* What this task involves: Pictures stay out of this copy, which runs from the first line of the material through the line containing "STAY ON: The".

* Exercise data:
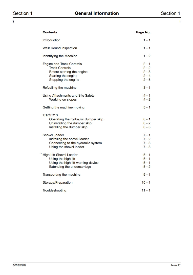The manual is compiled in sections, the first three are numbered and contain information as follows:
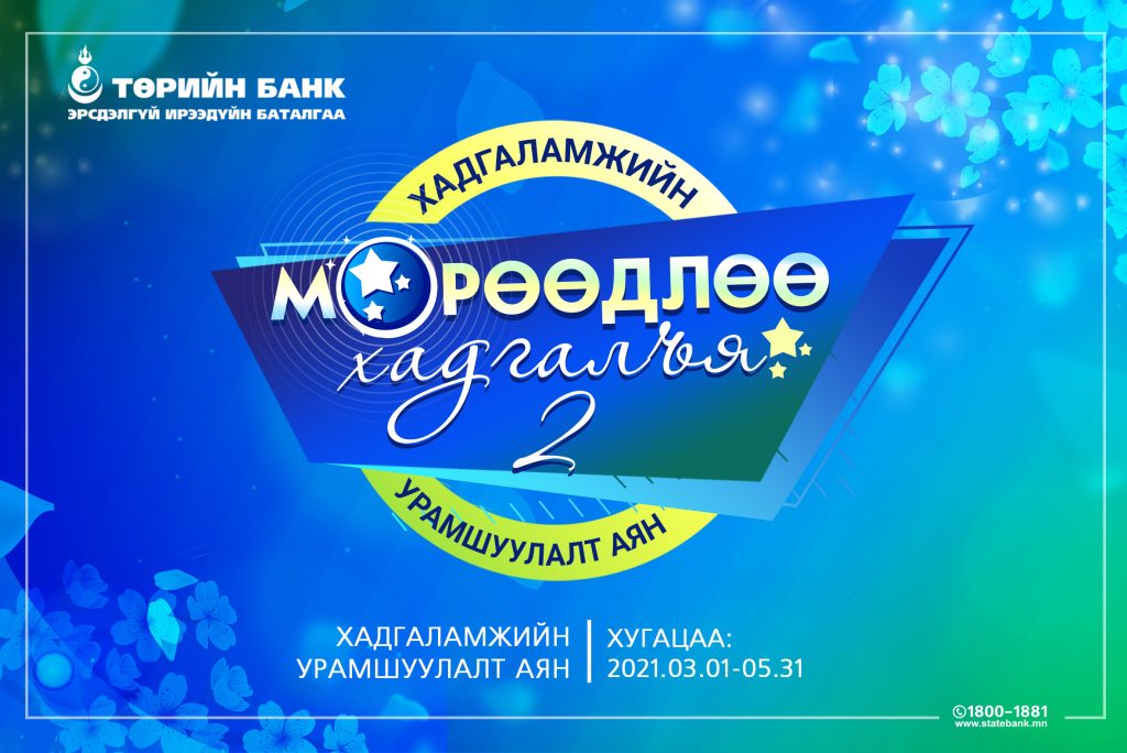 Төрийн банканд 3 сар буюу түүнээс дээш хугацаатай хадгаламж нээлгэсэн, хугацаагаа сунгасан, хадгаламждаа орлого нэмсэн 100,000 төгрөг тутамд 1 сугалааны эрхтэйгээр “Мөрөөдлөө хадгалъя” хадгаламжийн урамшуулалт аянд оролцох боломжтой.
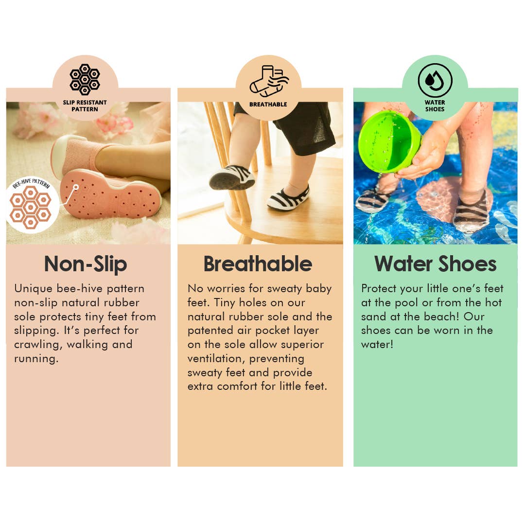 STAY ON: The cotton top wraps the little feet just like comfy socks - easy to put on and take off. Superior elasticity helps keep them on.
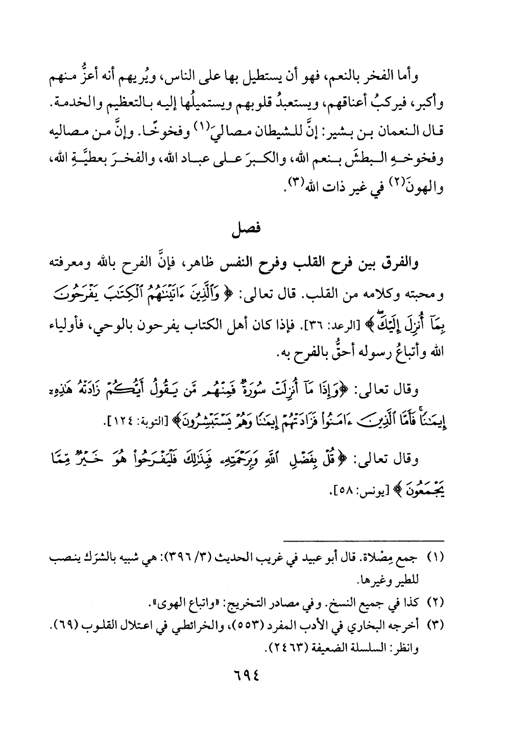 والفرق بين فرح القلب وفرح النفس ظاهر، فان الفرح بالله ومعرفته

* Task response:
The manual is compiled in sections, the first three are numbered and contain information as follows:
 Төрийн банканд 3 сар буюу түүнээс дээш хугацаатай хадгаламж нээлгэсэн, хугацаагаа сунгасан, хадгаламждаа орлого нэмсэн 100,000 төгрөг тутамд 1 сугалааны эрхтэйгээр “Мөрөөдлөө хадгалъя” хадгаламжийн урамшуулалт аянд оролцох боломжтой.
 STAY ON: The cotton top wraps the little feet just like comfy socks - easy to put on and take off. Superior elasticity helps keep them on.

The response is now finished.